# [WORK INSTRUCTION]
Every line from the one with "Čierny kovový lampáš" through the end of the entries below must be retyped exactly, and only those lines. The pictures are not part of the copy.

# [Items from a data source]

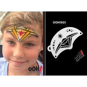 Ooh! Mask Stencil - Wonder Tiara can be used to easily add fun design accents to your forehead. Ooh! Mask Stencils can be used with face paint using a sponge but is exclusively designed for airbrushing.
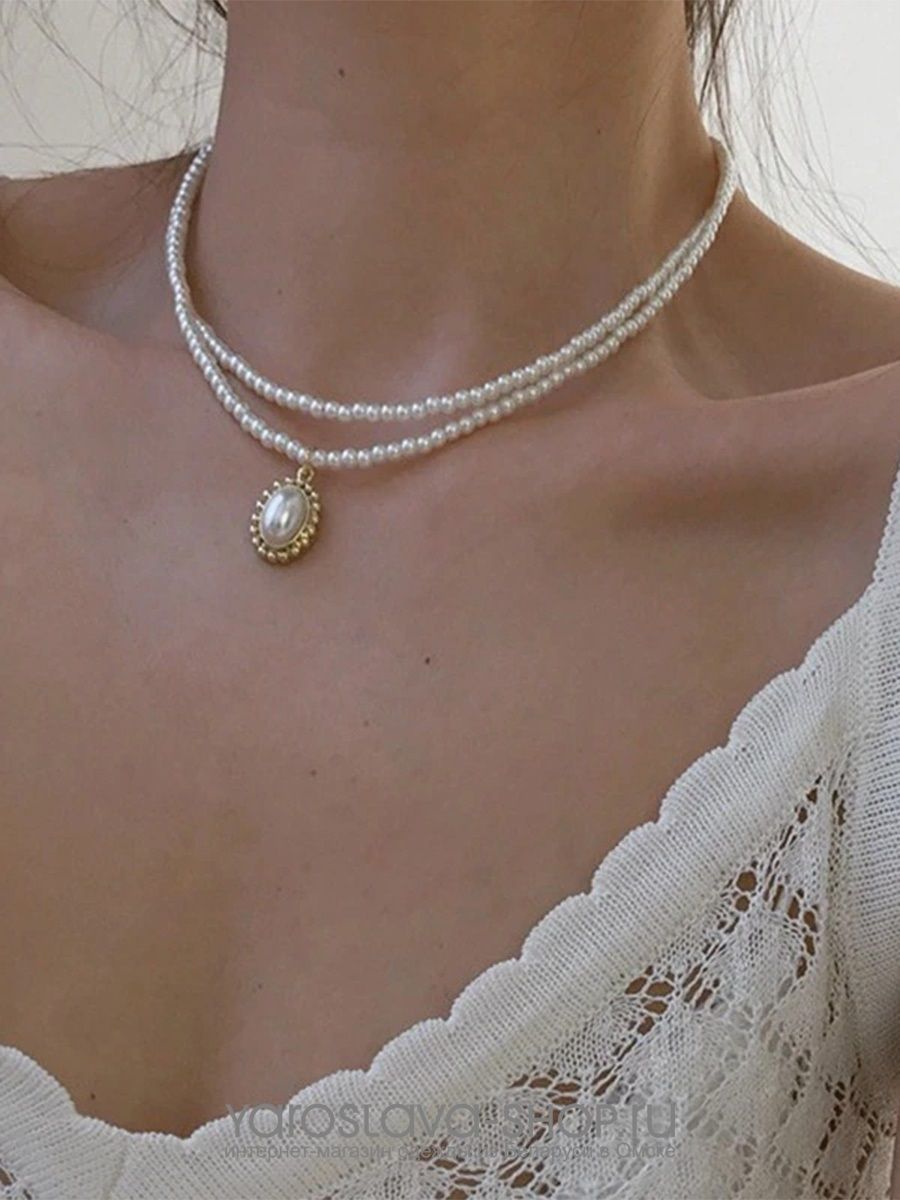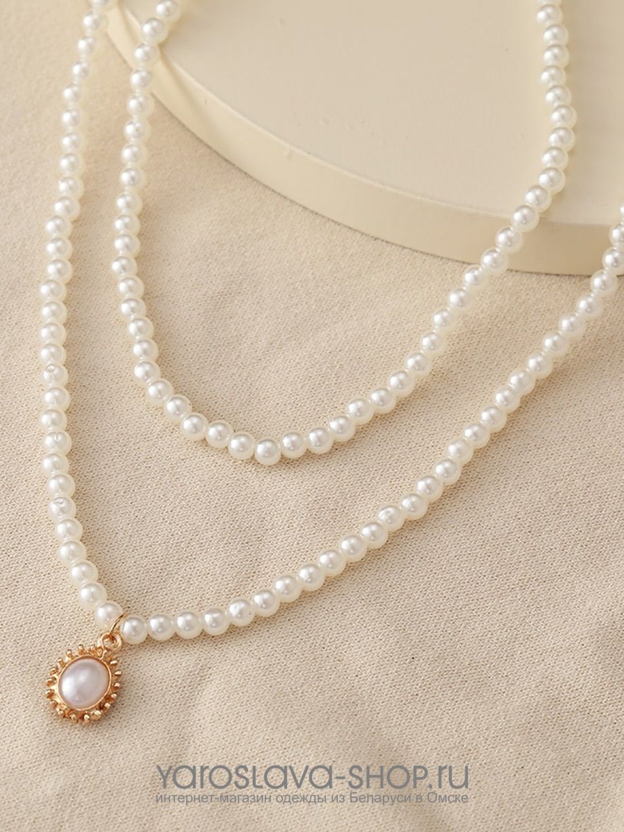 Колье жемчужное в две нити с подвеской
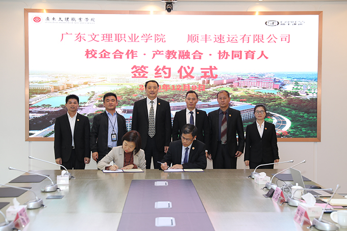 2020年12月9日,广东文理职业学院与顺丰速运有限公司举行深化产教融合洽谈会暨战略合作协议签约仪式。广东文理职业学院副校长李晓豁,顺丰速运粤西片区负责人胡金凤、陶武,及我校相关部门负责人出席了签约仪式。
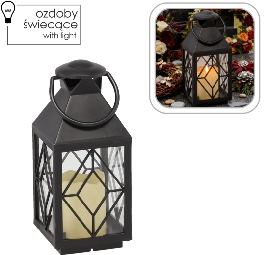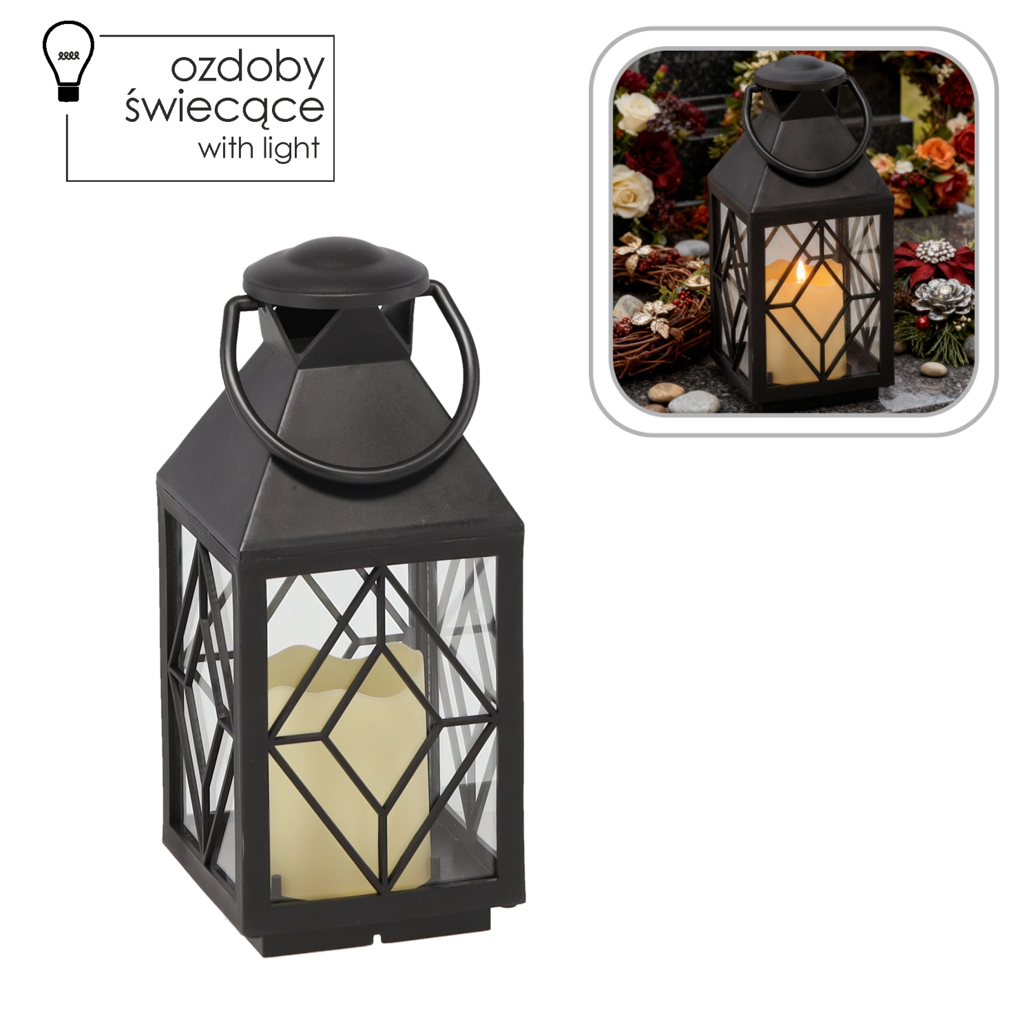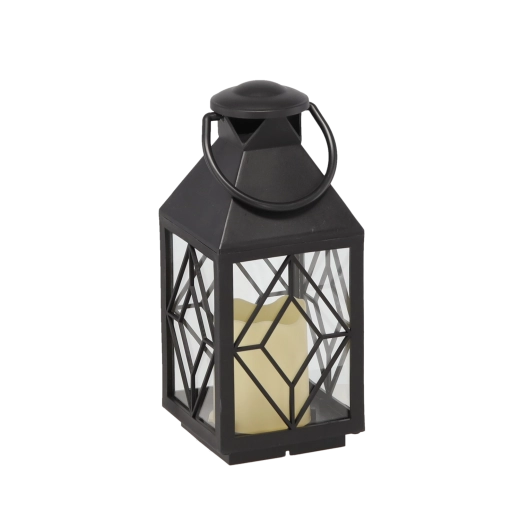 Čierny kovový lampáš so sklenenými panelmi a vzorom mriežky prináša pôsobivý svetelný efekt, ktorý zvýrazní každý interiér aj exteriér. Integrovaná LED sviečka poskytuje príjemné teplé svetlo bez plameňa, takže je ideálna do domácností s deťmi či domácimi miláčikmi.
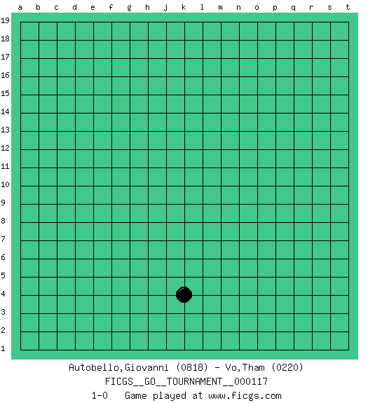 Last move : 1-0 2025 January 28 1:57:7 [Event "FICGS__GO__TOURNAMENT__000117"] [Site "FICGS"] [Date "2024.12.27"] [Round "1"] [Black "Autobello,Giovanni"] [White "Vo,Tham"] [Result "1-0"] [Rating 1 "0818"] [Rating 2 "0220"] 1.k4 1-0 This go game has been lost on time (started : 2024.12.27 5:43:15) Follow this game move after move (download)Six eyes in a rectangle are alive. (Anonymous) The only sure thing about luck is that it will change. (Wilson Mizner)
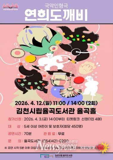 뉴스펀치 박세훈 기자 | 김천시립 율곡도서관(관장 이신기)은 오는 4월 12일, ‘도서관의 날’을 맞아 율곡도서관 율곡홀에서 국악인형극 '연희도깨비'를 개최한다고 밝혔다. 이번 공연은 ‘도서관의 날’(4월 12일)과 ‘도서관 주간’(4월 12일~18일)을 기념하여, 지역 주민들의 도서관 이용을 활성화하고 독서 문화를 확산하기 위해 마련됐다.
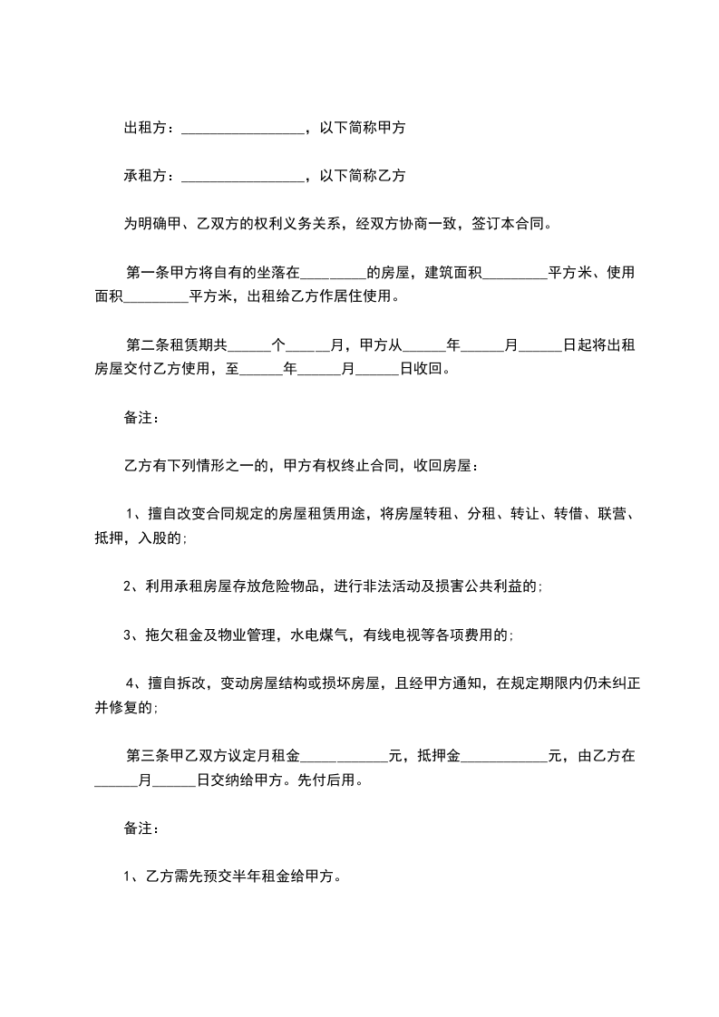 1. 乙方租赁该房屋仅作为______(具体用途,如居住、办公等)使用,未经甲方书面同意,乙方不得擅自改变房屋用途。
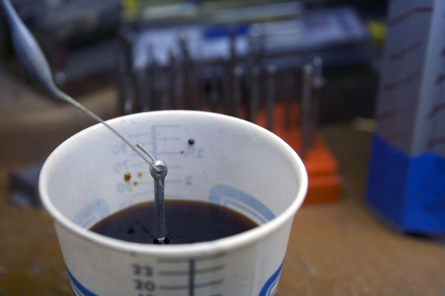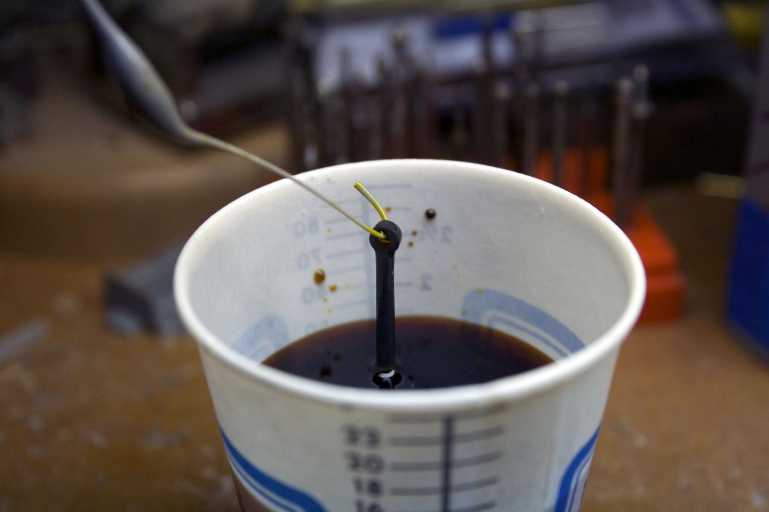 I tried to use CA and baking powder to fix the melted shaft, but was not pleased with the results. So I stretched some sprues (Glad I saved some) and welded them into the holes with liquid cohesive.

# [RESPONSE FOR THIS EXERCISE]
 Čierny kovový lampáš so sklenenými panelmi a vzorom mriežky prináša pôsobivý svetelný efekt, ktorý zvýrazní každý interiér aj exteriér. Integrovaná LED sviečka poskytuje príjemné teplé svetlo bez plameňa, takže je ideálna do domácností s deťmi či domácimi miláčikmi.
 Last move : 1-0 2025 January 28 1:57:7 [Event "FICGS__GO__TOURNAMENT__000117"] [Site "FICGS"] [Date "2024.12.27"] [Round "1"] [Black "Autobello,Giovanni"] [White "Vo,Tham"] [Result "1-0"] [Rating 1 "0818"] [Rating 2 "0220"] 1.k4 1-0 This go game has been lost on time (started : 2024.12.27 5:43:15) Follow this game move after move (download)Six eyes in a rectangle are alive. (Anonymous) The only sure thing about luck is that it will change. (Wilson Mizner)
 뉴스펀치 박세훈 기자 | 김천시립 율곡도서관(관장 이신기)은 오는 4월 12일, ‘도서관의 날’을 맞아 율곡도서관 율곡홀에서 국악인형극 '연희도깨비'를 개최한다고 밝혔다. 이번 공연은 ‘도서관의 날’(4월 12일)과 ‘도서관 주간’(4월 12일~18일)을 기념하여, 지역 주민들의 도서관 이용을 활성화하고 독서 문화를 확산하기 위해 마련됐다.
 1. 乙方租赁该房屋仅作为______(具体用途,如居住、办公等)使用,未经甲方书面同意,乙方不得擅自改变房屋用途。
 I tried to use CA and baking powder to fix the melted shaft, but was not pleased with the results. So I stretched some sprues (Glad I saved some) and welded them into the holes with liquid cohesive.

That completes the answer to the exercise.